Growing History

A home gardener should consider growing heirloom plants for reasons beyond keeping history alive.

Written by Lori Broadfoot

Posted May 15, 2016

Why should a home gardener consider growing a tomato with a one-hundred-year-old pedigree? Because doing so can help preserve our horticultural heritage.

Canada has already lost a vast array of once-popular plant specimens due, in part, to the introduction of patented hybrid plants and simple changes in plant preferences.

But the efforts of a few forward-thinking gardeners and farmers in the mid-1980s have saved innumerable varieties of distinctly Canadian garden plants from extinction.

Seeds of Diversity Canada (SoDC) is a nationwide organization devoted to the preservation of heirloom plants. Bob Wildfong, SoDC’s executive director based in Waterloo, Ontario, says, “We now have over 3,000 varieties that we are keeping alive through our directory and over 2,700 through our seed library.”

The Canadian seed companies are doing their work in preserving ten per cent of the most commercially successful heritage seeds, and people buy them from the companies online and at Seedy Saturdays.

A home gardener should consider heirloom plants for reasons beyond keeping history alive.

Wildfong says, “The variety of plants offered by commercial seed companies is based largely on how the global seed trade works.”
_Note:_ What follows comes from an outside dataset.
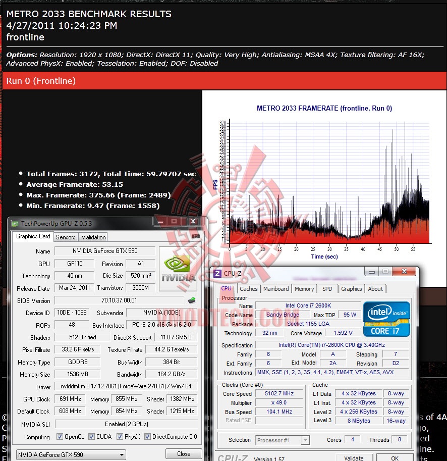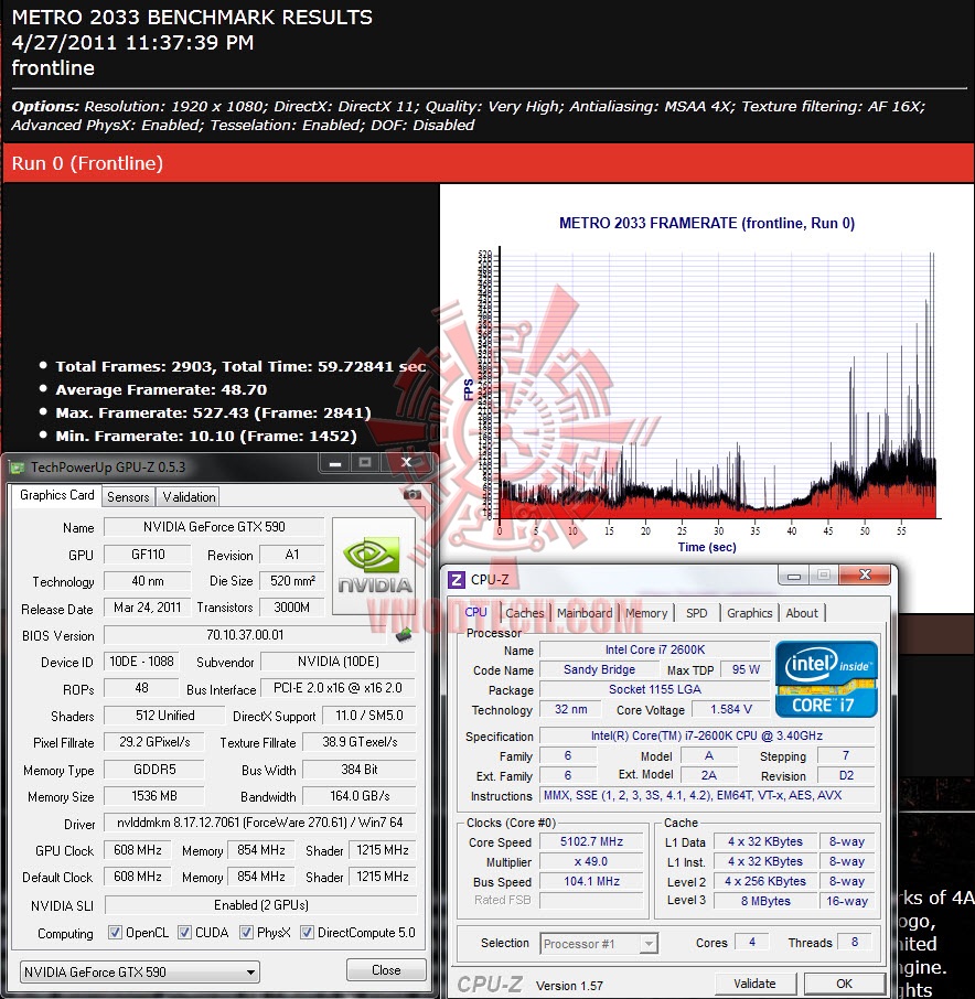 Metro 2033 นี่ก็เช่นกัน ที่ค่ายแดงแซงห่างๆเพราะว่าตอนนั้นเทสที่ Resolution ต่ำกว่านี้ คราวนี้เป็น Full HD ดังนั้นดูเฉพาะ Frame Rate ครั้งนี้ก่อนนะครับ

Most commercial seeds are grown on a large scale in Southeast Asia and South America, harvested mechanically, and sold through a wholesale seed network.

The varieties offered are not intended for optimum growth in Canadian growing conditions, and the home gardener may not value traits such as uniformity of size and ripening times, which are desirable for mass seed production, over superior flavour and nutrient content.

“There are no more garden-tomato breeders left in Canada,” says Wildfong.

“For budgetary reasons, all of the government and university breeding programs have been shut down. The last private program ended in 1995.” Most new tomato strains will come from breeding programs in California and Texas, however, in 2016, SoDC began their own breeding program.

Wildfong’s involvement with heritage seeds began in 1988 when he volunteered at a working recreation of an early 1900s village at Doon Heritage Crossroads in Waterloo County.

Offered the responsibility of finding authentic plants that would have been grown in a home garden of that time, Wildfong admits he had “no interest in gardening at all.” But as a new volunteer, he felt he couldn’t refuse.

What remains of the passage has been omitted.